Не имеет значения. В улей заложена приманка, и пчелы полетят на нее.
Часть третья
Ткань
16
Спарагмос
Под стук и толчки вагонных колес, под шум движения Кэй барахталась между сном и явью. Ей что-то снилось, и в неспокойном потоке этих снов картины перемешивались с разговорами. Она была впереди себя самой и, оглядываясь на тяжелые события раннего утра, испытывала глубочайшую растерянность. И суток не прошло.
Почему он так с ними поступил? Черный дым в рассветном небе…
За окном одно поле сменялось другим, она дремала, привалившись головой к спинке сиденья, и порой что-то шептала протестующе. Поезд, она чувствовала, набирал ход, он ехал на северо-запад, отдаляясь от Рима и от Дома Двух Ладов, оставляя позади эти лужайки, почерневшие от огненной жертвы, покидая широкие речные долины и устремляясь к горам, к их прозрачному чистому воздуху. Просыпаясь от толчков, Кэй ощущала скорость и вспоминала, где она. Наконец-то я на верном пути.
Из катакомб выбрались благополучно, и миновать рыскунов оказалось легче, чем они ожидали, – незаслуженно легко. Когда спускались по винтовой лестнице с возвышения Онтоса, Кэй охватило чувство, что они суровые капитаны, обреченно уходящие с палубы внутрь корабля, который вот-вот затонет; но в туннелях они задвигались намного быстрее и целеустремленнее. Через эти могильные коридоры пронеслись пулей, выбросив вперед фонари, атакуя темноту их светом. Кэй как могла старалась не отставать от духов с их длинными, размашистыми шагами, пригнувшихся, но не сдавшихся; они решительно направлялись к малозаметному южному выходу из туннелей. Там темный каменный коридор заканчивался древней аркой на склоне небольшого холма; шагах в двадцати, не больше, начиналось обширное скопление высоких деревьев, зимой почти безлиственных, но все же обещавших укрытие благодаря вечнозеленым зарослям по краю.
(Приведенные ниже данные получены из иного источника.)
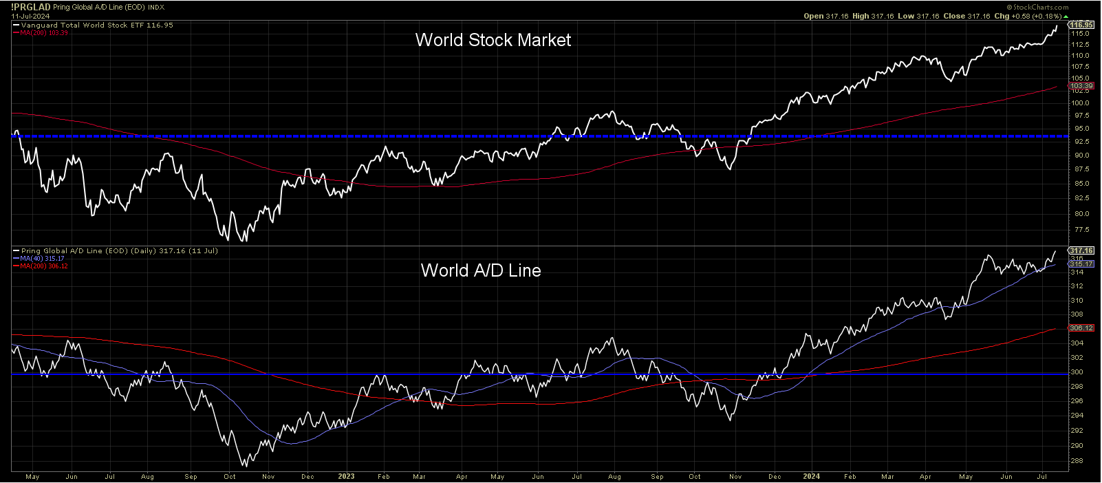 Our bull/bear indicator never gave us a sell signal. However breadth was thin and the ride was choppy. Now we have the ingredients for a stable rally in the summer? At the very least we should see followthrough for the next month or so.
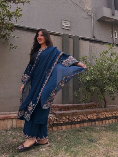 The suit fits perfectly and feels premium. Loved the soft chiffon dupatta!

Под аркой их дожидались Флип и Элл. Когда они приблизились, Флип жестом дал знать, что надо двигаться осторожно, мягко и очень тихо.
– Двое рыскунов. – Кэй вспомнилось сейчас, в поезде, как он произнес это беззвучно, одними губами. Он показал рукой сквозь открытую арку – сначала влево, потом почти прямо. Заглянув за угол, Кэй заметила краем глаза какое-то перемещение слева, впереди же виднелось только что-то неподвижное, лежащее в траве, – казалось, всего-навсего мешок или куртка; в серебристом бледном свете раннего-раннего утра все выглядело не тем, чем было на самом деле.
Минуты напряженного выжидания дались нелегко. Флип шепотом сообщил, что почти все рыскуны ушли, переместились к северу, куда полетели воздушные шары, здесь остались только эти двое. Он, Вилли, Фантастес и Рацио, несомненно, могли с ними справиться, пусть даже они вооружены, но все зависело от двадцати шагов между аркой и лесом: позовут ли эти двое подмогу? И если позовут, то сумеют ли Элл и Кэй бежать так быстро, чтобы успеть нырнуть в лес? Элл била неостановимая дрожь, несколько суток беспрерывного сна сказались на ее мышцах. Флип достал из мешка и раздал еду, остальные тем временем смотрели, ждали, тревожились.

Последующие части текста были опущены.